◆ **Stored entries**
- - - - -

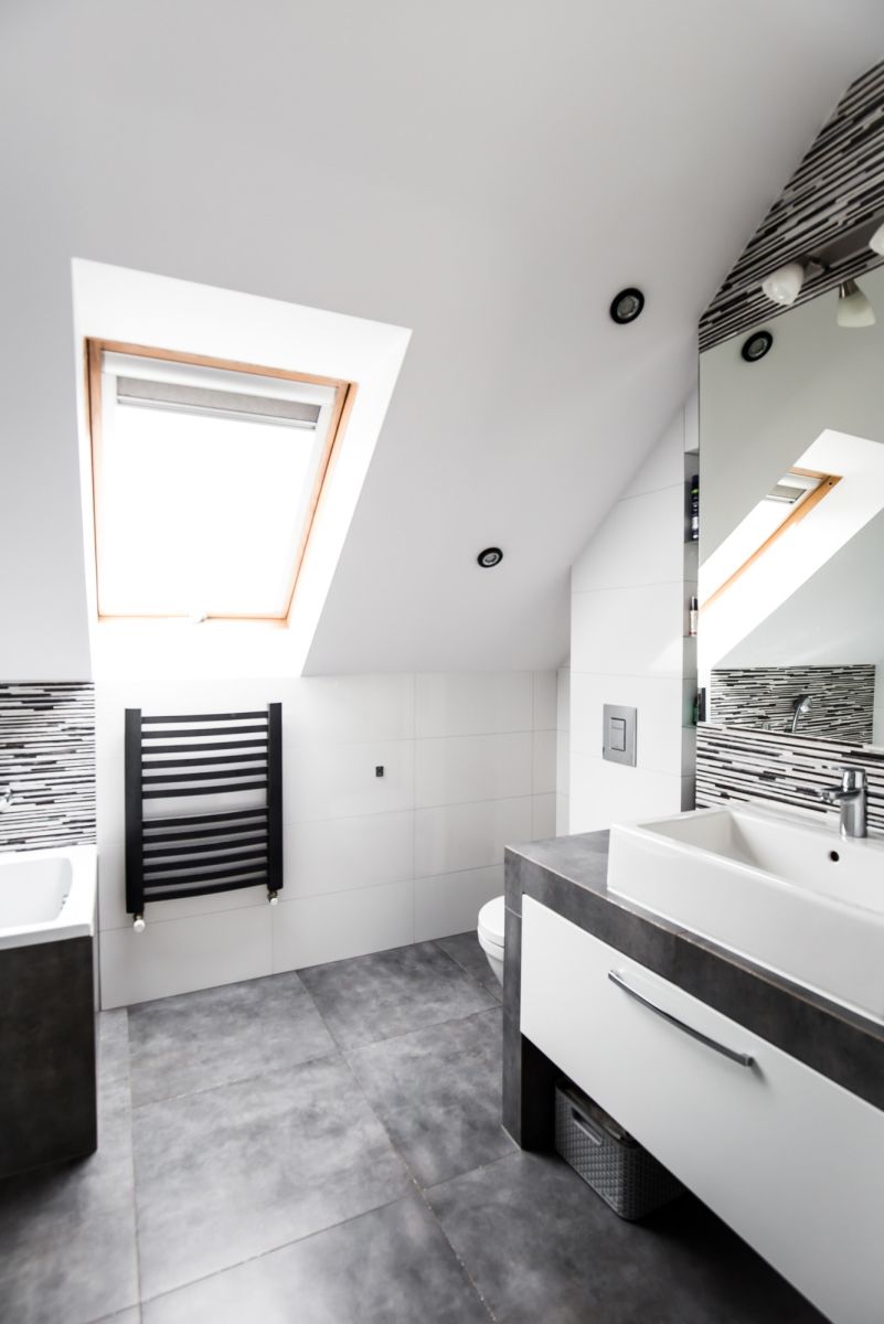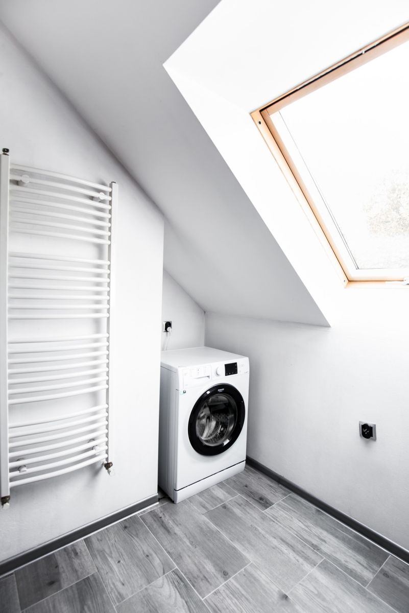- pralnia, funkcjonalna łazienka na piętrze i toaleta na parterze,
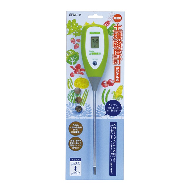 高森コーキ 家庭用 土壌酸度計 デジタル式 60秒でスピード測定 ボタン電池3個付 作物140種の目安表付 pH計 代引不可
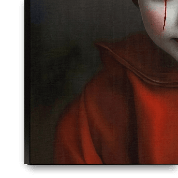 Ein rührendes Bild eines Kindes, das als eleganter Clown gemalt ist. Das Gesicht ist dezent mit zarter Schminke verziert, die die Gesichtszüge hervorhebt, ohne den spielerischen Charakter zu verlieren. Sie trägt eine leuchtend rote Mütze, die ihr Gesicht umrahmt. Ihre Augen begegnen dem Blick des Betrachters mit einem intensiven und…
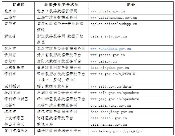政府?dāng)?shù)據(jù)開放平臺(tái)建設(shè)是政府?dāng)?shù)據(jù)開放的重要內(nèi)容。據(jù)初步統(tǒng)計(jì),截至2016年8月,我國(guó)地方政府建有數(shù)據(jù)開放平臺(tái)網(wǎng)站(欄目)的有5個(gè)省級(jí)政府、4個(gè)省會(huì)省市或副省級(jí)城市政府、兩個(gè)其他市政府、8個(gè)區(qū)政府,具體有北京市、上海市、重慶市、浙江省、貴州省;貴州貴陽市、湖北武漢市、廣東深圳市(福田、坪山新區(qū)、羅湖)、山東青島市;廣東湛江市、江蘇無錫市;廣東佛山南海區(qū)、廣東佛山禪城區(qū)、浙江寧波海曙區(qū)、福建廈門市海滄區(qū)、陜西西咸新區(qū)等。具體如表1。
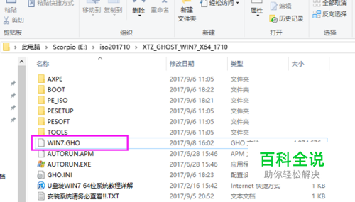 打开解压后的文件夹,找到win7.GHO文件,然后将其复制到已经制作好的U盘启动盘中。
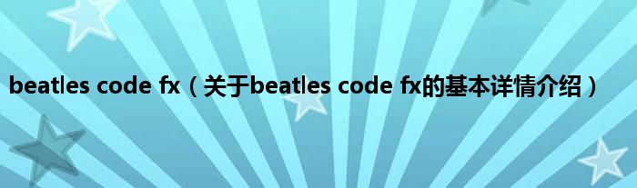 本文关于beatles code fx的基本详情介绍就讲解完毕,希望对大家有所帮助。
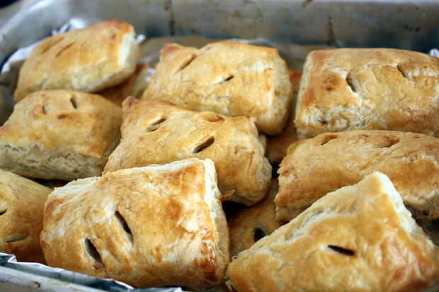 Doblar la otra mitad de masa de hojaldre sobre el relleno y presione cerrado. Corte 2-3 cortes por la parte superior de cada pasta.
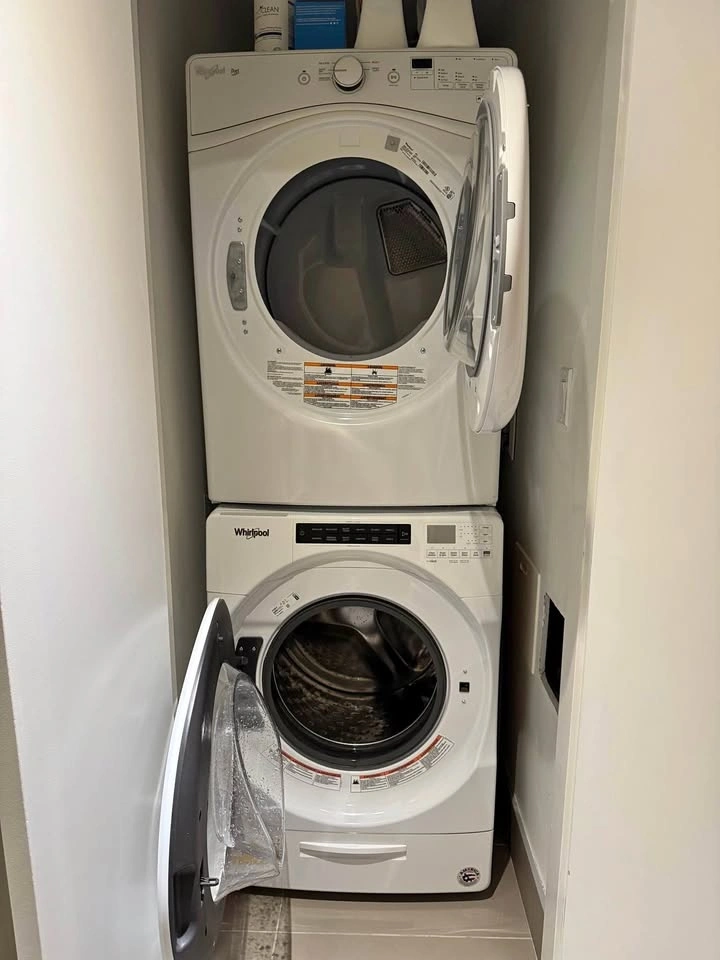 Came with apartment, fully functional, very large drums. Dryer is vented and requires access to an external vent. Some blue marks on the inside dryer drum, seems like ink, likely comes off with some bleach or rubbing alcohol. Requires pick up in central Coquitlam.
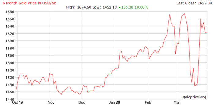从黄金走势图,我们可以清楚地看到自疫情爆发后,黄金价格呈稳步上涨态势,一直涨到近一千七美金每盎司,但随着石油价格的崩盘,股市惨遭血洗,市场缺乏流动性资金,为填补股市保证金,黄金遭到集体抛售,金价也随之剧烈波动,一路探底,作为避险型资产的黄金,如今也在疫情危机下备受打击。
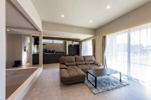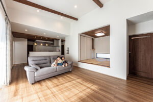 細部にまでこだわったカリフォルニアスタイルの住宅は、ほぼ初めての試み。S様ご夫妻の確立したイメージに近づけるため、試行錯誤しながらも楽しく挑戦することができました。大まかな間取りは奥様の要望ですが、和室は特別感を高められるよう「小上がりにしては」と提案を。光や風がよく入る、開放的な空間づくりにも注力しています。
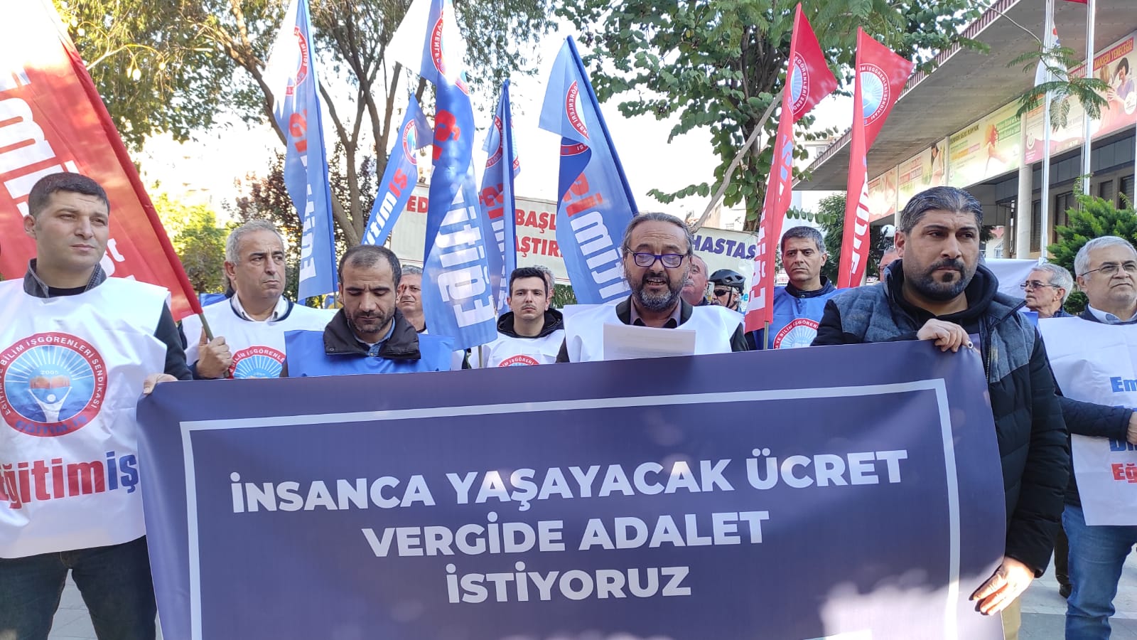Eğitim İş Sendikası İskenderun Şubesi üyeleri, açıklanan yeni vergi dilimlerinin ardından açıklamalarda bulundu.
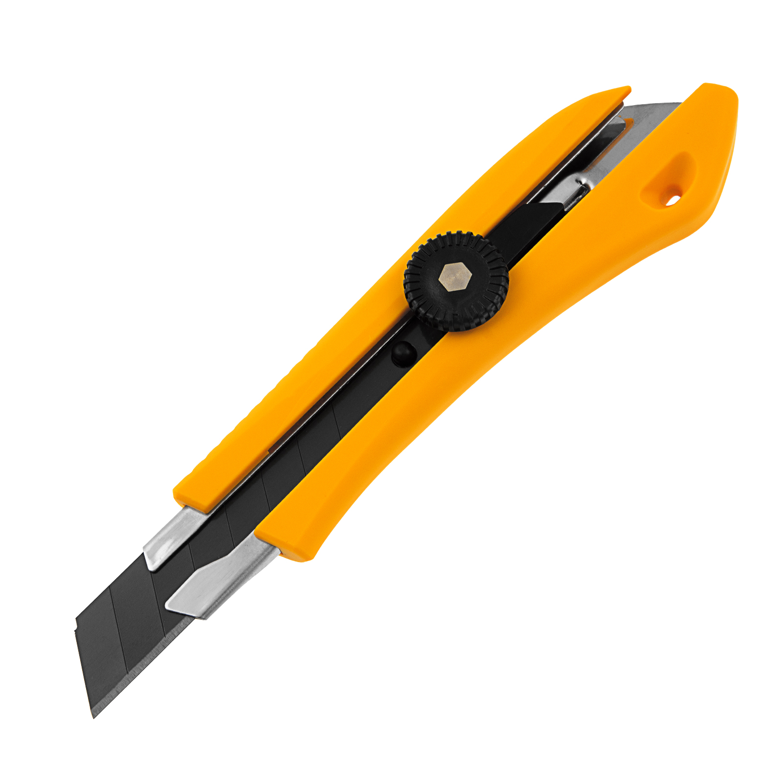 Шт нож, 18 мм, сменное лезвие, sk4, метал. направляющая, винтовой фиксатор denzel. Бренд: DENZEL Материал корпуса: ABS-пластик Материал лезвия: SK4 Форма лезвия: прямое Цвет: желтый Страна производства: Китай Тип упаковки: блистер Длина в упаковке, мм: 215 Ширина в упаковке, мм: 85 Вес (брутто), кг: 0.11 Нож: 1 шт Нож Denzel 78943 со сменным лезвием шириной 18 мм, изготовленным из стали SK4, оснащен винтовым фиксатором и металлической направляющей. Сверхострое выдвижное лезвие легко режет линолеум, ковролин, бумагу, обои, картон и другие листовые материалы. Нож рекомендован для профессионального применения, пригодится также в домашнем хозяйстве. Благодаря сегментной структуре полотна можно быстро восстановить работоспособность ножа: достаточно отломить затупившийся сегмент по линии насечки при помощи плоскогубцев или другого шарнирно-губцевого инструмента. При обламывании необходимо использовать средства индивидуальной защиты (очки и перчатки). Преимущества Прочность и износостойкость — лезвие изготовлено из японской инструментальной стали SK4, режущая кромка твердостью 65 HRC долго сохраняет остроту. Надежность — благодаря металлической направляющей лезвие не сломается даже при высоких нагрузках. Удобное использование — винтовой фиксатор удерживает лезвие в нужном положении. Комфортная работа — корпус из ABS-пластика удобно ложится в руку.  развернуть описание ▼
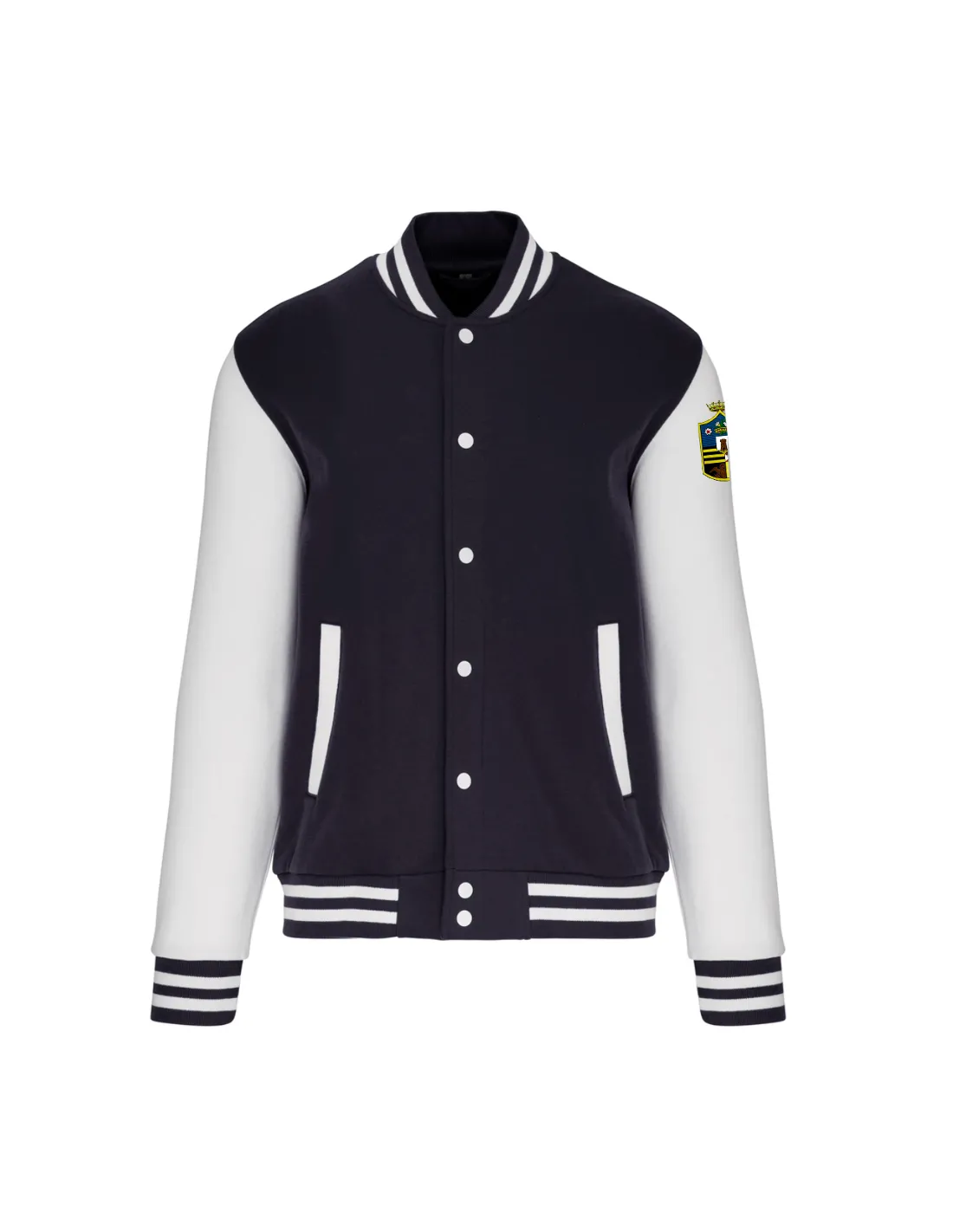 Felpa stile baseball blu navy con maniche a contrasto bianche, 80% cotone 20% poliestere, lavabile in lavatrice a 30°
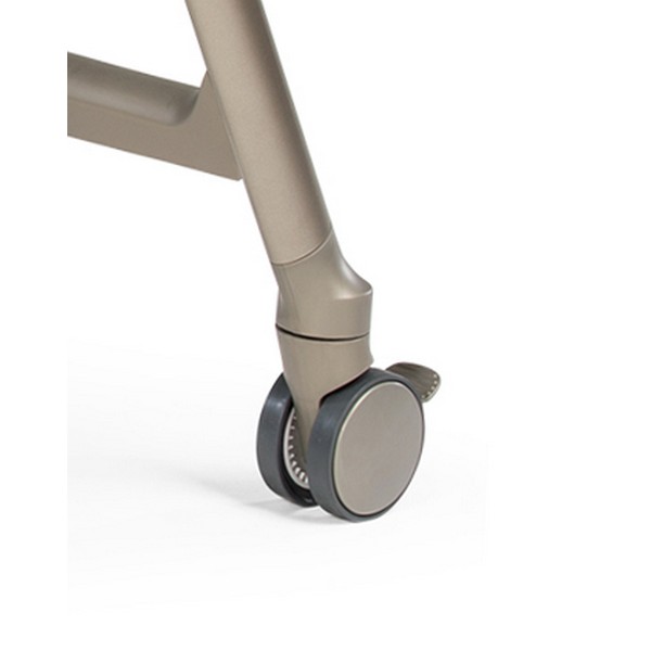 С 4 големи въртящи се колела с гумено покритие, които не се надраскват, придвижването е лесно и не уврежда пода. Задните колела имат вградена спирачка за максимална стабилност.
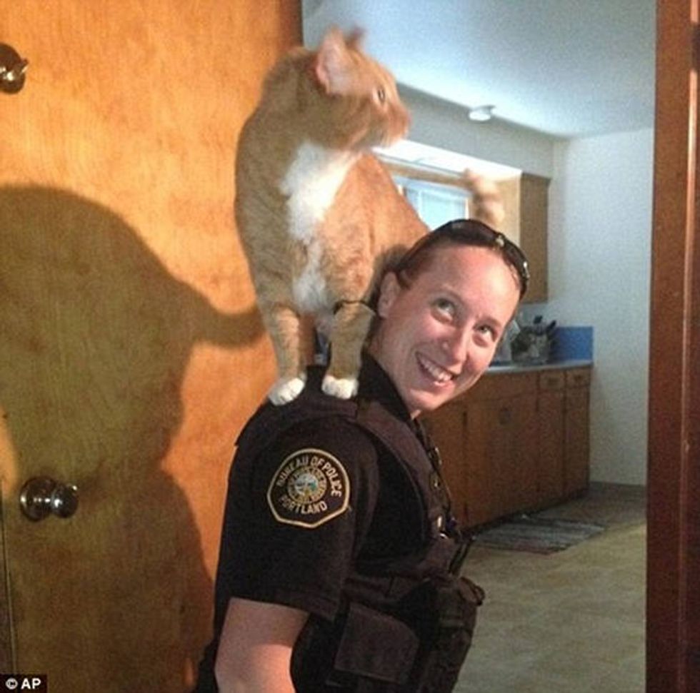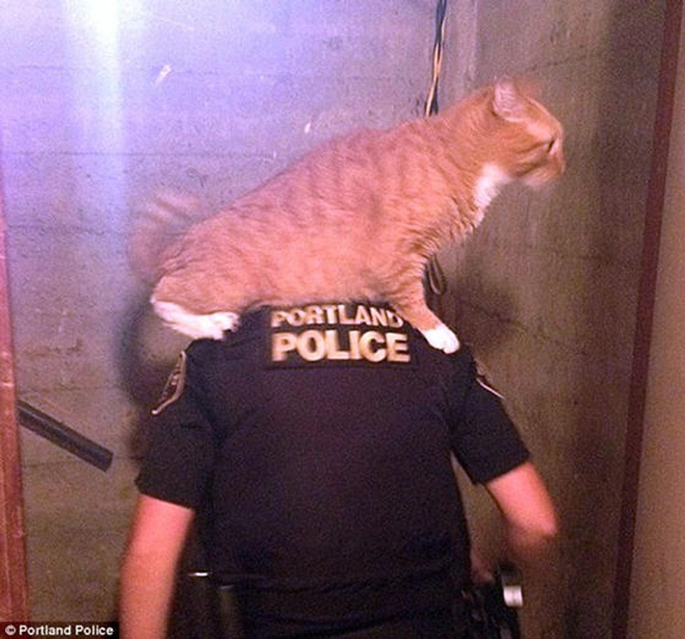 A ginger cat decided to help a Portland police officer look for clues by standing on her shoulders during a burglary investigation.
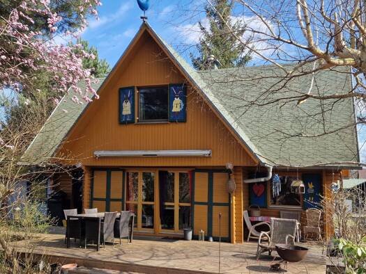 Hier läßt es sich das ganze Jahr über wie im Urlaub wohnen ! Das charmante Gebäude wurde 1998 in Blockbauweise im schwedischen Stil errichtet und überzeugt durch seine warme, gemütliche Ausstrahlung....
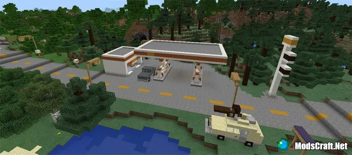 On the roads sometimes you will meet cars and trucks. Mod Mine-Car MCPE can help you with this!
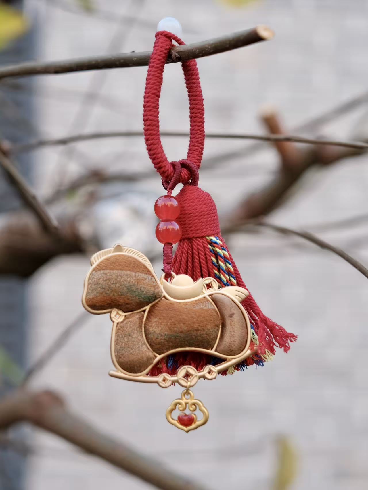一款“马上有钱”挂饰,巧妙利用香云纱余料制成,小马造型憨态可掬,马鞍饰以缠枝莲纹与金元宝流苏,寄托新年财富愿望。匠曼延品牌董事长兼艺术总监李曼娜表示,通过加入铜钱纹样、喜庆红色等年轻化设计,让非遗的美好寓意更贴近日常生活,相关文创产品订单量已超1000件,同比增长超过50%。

- - - - -

◆ **GOAL OF THE EXERCISE**
Pictures are to be left out; otherwise, retype exactly the lines from the first line of the data through the line containing "Eğitim İş Sendikası".

◆ **EXERCISE SOLUTION**
- pralnia, funkcjonalna łazienka na piętrze i toaleta na parterze,
 高森コーキ 家庭用 土壌酸度計 デジタル式 60秒でスピード測定 ボタン電池3個付 作物140種の目安表付 pH計 代引不可
 Ein rührendes Bild eines Kindes, das als eleganter Clown gemalt ist. Das Gesicht ist dezent mit zarter Schminke verziert, die die Gesichtszüge hervorhebt, ohne den spielerischen Charakter zu verlieren. Sie trägt eine leuchtend rote Mütze, die ihr Gesicht umrahmt. Ihre Augen begegnen dem Blick des Betrachters mit einem intensiven und…
政府?dāng)?shù)據(jù)開放平臺(tái)建設(shè)是政府?dāng)?shù)據(jù)開放的重要內(nèi)容。據(jù)初步統(tǒng)計(jì),截至2016年8月,我國(guó)地方政府建有數(shù)據(jù)開放平臺(tái)網(wǎng)站(欄目)的有5個(gè)省級(jí)政府、4個(gè)省會(huì)省市或副省級(jí)城市政府、兩個(gè)其他市政府、8個(gè)區(qū)政府,具體有北京市、上海市、重慶市、浙江省、貴州省;貴州貴陽市、湖北武漢市、廣東深圳市(福田、坪山新區(qū)、羅湖)、山東青島市;廣東湛江市、江蘇無錫市;廣東佛山南海區(qū)、廣東佛山禪城區(qū)、浙江寧波海曙區(qū)、福建廈門市海滄區(qū)、陜西西咸新區(qū)等。具體如表1。
 打开解压后的文件夹,找到win7.GHO文件,然后将其复制到已经制作好的U盘启动盘中。
 本文关于beatles code fx的基本详情介绍就讲解完毕,希望对大家有所帮助。
 Doblar la otra mitad de masa de hojaldre sobre el relleno y presione cerrado. Corte 2-3 cortes por la parte superior de cada pasta.
 Came with apartment, fully functional, very large drums. Dryer is vented and requires access to an external vent. Some blue marks on the inside dryer drum, seems like ink, likely comes off with some bleach or rubbing alcohol. Requires pick up in central Coquitlam.
从黄金走势图,我们可以清楚地看到自疫情爆发后,黄金价格呈稳步上涨态势,一直涨到近一千七美金每盎司,但随着石油价格的崩盘,股市惨遭血洗,市场缺乏流动性资金,为填补股市保证金,黄金遭到集体抛售,金价也随之剧烈波动,一路探底,作为避险型资产的黄金,如今也在疫情危机下备受打击。
 細部にまでこだわったカリフォルニアスタイルの住宅は、ほぼ初めての試み。S様ご夫妻の確立したイメージに近づけるため、試行錯誤しながらも楽しく挑戦することができました。大まかな間取りは奥様の要望ですが、和室は特別感を高められるよう「小上がりにしては」と提案を。光や風がよく入る、開放的な空間づくりにも注力しています。
Eğitim İş Sendikası İskenderun Şubesi üyeleri, açıklanan yeni vergi dilimlerinin ardından açıklamalarda bulundu.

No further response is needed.